Items from a data source
§ §

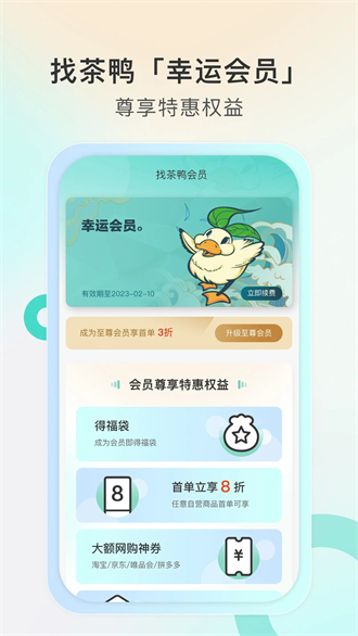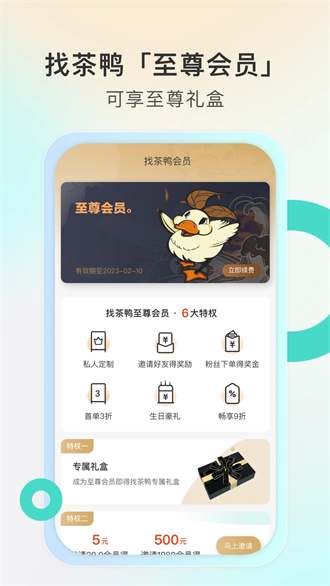 找茶鸭app是一款能够带你发现更多好茶的手机必备应用,在平台上你可以获取品牌的各种茶饮商品,一登录就可以免费成为我们的永久会员,各种特惠权益等你来享受,甚至还会为你累积对应的消费积分,从而免费兑换自己喜欢的礼品。当然在这款找茶鸭app上,用户可以轻松解决很多关于购物和茶饮文化方面的问题,我们将会为你提供24小时在线客服为您服务,为用户打造最完善的线上体验。
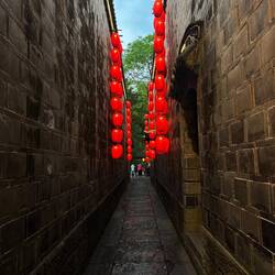Die Kuan-Zhai Gasse ist ein historisches Viertel im Zentrum von Chengdu, das für seine Architektur aus der Qing-Dynastie und seine lebendige Straßenkultur bekannt ist. Hier erlebt man Chengdus antikes Flair und sein kulturelles Wesen. Beim Schlendern über das Kopfsteinpflaster spürt man die dichte historische Atmosphäre. Es gibt hier mehr als 20 alte Hofhäuser und kunstvoll verzierte Tore zu bewundern, wie zum Beispiel „Kai Lu“, eines der repräsentativsten Tore der Kuan-Zhai-Gasse. Jede Ecke strahlt nostalgischen Charme aus. Der Sichuan-Baustil mit seinen schlichten Häusern und kunstvollen Schnitzereien, die alle eine genauere Betrachtung wert sind, begeistert uns. An jeder Ecke entdecke ich neue Fotomotive.
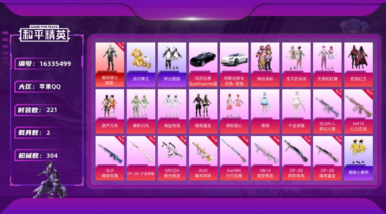 [16335499]【店主推荐捡漏号!可直接换绑】苹果 手Q-1神装-12粉装-10特效枪-2载具-4粉色飞行器-10w热力值-22王牌印记-221套装-304枪皮
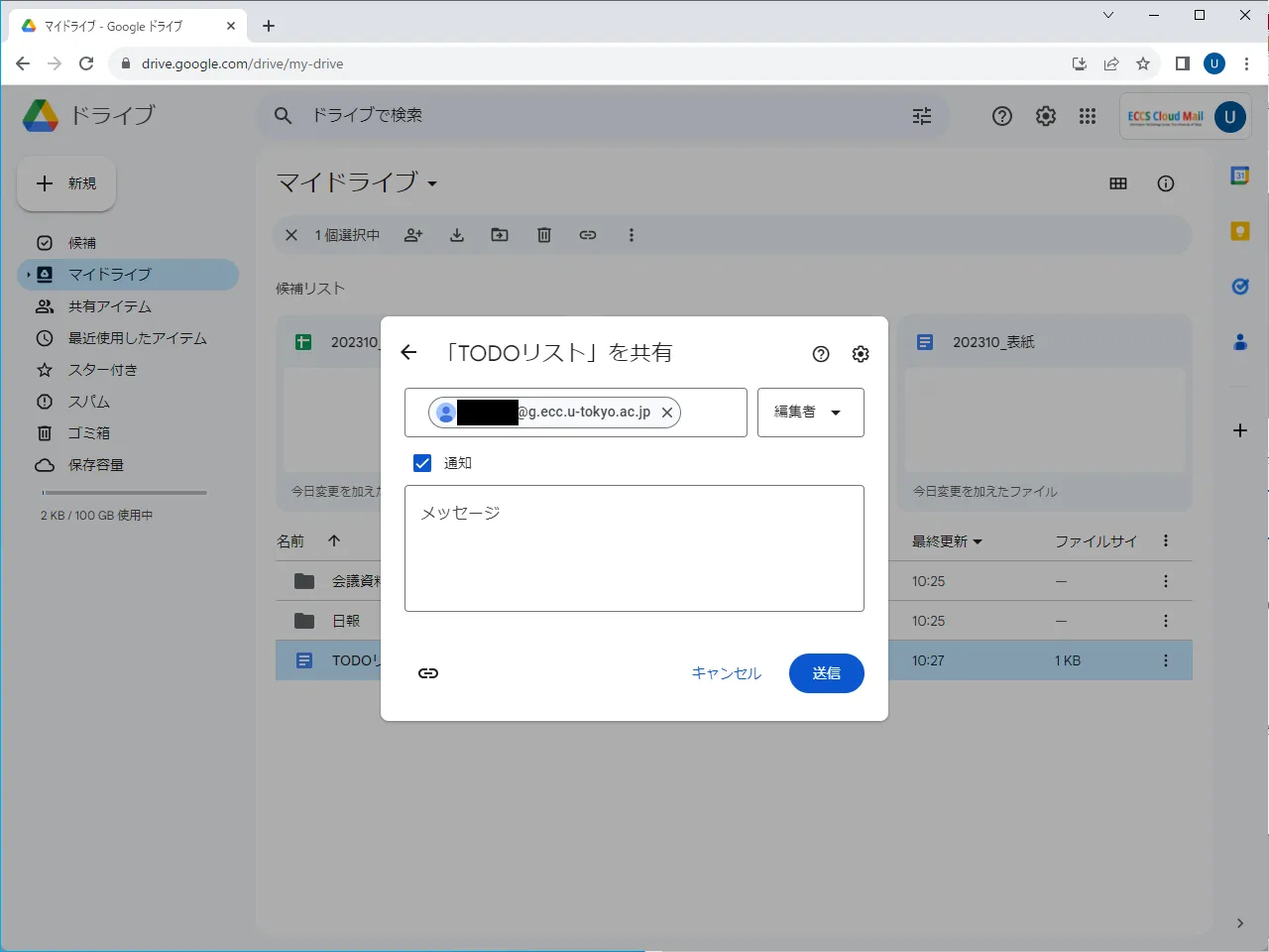 • 「通知」をオンにしている場合,その下の「メッセージ」欄に入力した内容が通知メールに記載されます.共有相手に伝えたい内容があれば,入力してください.
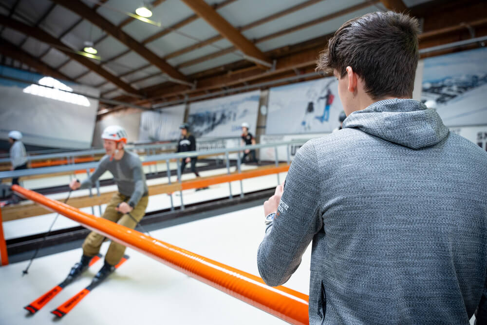 Portes Du Ski in Ridderkerk werkt op twee geavanceerde rolbanen met PMTS-methode: direct parallel skiën vanaf les één, maximaal twee personen per baan. Een sterke technische focus, kost minder kracht; niet duwen, maar geduwd worden. Veel persoonlijke begeleiding, eigen wax- en slijpservice en specialistische trainingen voor zowel kinderen als gevorderde skiërs met of zonder beperking.​
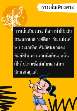 การเล่นเสียงสระ การเล่นเสียงสระ คือการใช้สัมผัส สระหลายพยางค์ติดๆ กัน แบ่งได้ ๒ ประเภทคือ สัมผัสนอกและ สัมผัสใน การเล่นสัมผัสนอกนั้น เป็นไปตามข้อบังคับของฉันท ลักษณ์อยู่แล้ว 7

§ §

Copy all of the records verbatim, omitting the pictures.

▶ **Response for this exercise**
 找茶鸭app是一款能够带你发现更多好茶的手机必备应用,在平台上你可以获取品牌的各种茶饮商品,一登录就可以免费成为我们的永久会员,各种特惠权益等你来享受,甚至还会为你累积对应的消费积分,从而免费兑换自己喜欢的礼品。当然在这款找茶鸭app上,用户可以轻松解决很多关于购物和茶饮文化方面的问题,我们将会为你提供24小时在线客服为您服务,为用户打造最完善的线上体验。
Die Kuan-Zhai Gasse ist ein historisches Viertel im Zentrum von Chengdu, das für seine Architektur aus der Qing-Dynastie und seine lebendige Straßenkultur bekannt ist. Hier erlebt man Chengdus antikes Flair und sein kulturelles Wesen. Beim Schlendern über das Kopfsteinpflaster spürt man die dichte historische Atmosphäre. Es gibt hier mehr als 20 alte Hofhäuser und kunstvoll verzierte Tore zu bewundern, wie zum Beispiel „Kai Lu“, eines der repräsentativsten Tore der Kuan-Zhai-Gasse. Jede Ecke strahlt nostalgischen Charme aus. Der Sichuan-Baustil mit seinen schlichten Häusern und kunstvollen Schnitzereien, die alle eine genauere Betrachtung wert sind, begeistert uns. An jeder Ecke entdecke ich neue Fotomotive.
 [16335499]【店主推荐捡漏号!可直接换绑】苹果 手Q-1神装-12粉装-10特效枪-2载具-4粉色飞行器-10w热力值-22王牌印记-221套装-304枪皮
 • 「通知」をオンにしている場合,その下の「メッセージ」欄に入力した内容が通知メールに記載されます.共有相手に伝えたい内容があれば,入力してください.
 Portes Du Ski in Ridderkerk werkt op twee geavanceerde rolbanen met PMTS-methode: direct parallel skiën vanaf les één, maximaal twee personen per baan. Een sterke technische focus, kost minder kracht; niet duwen, maar geduwd worden. Veel persoonlijke begeleiding, eigen wax- en slijpservice en specialistische trainingen voor zowel kinderen als gevorderde skiërs met of zonder beperking.​
 การเล่นเสียงสระ การเล่นเสียงสระ คือการใช้สัมผัส สระหลายพยางค์ติดๆ กัน แบ่งได้ ๒ ประเภทคือ สัมผัสนอกและ สัมผัสใน การเล่นสัมผัสนอกนั้น เป็นไปตามข้อบังคับของฉันท ลักษณ์อยู่แล้ว 7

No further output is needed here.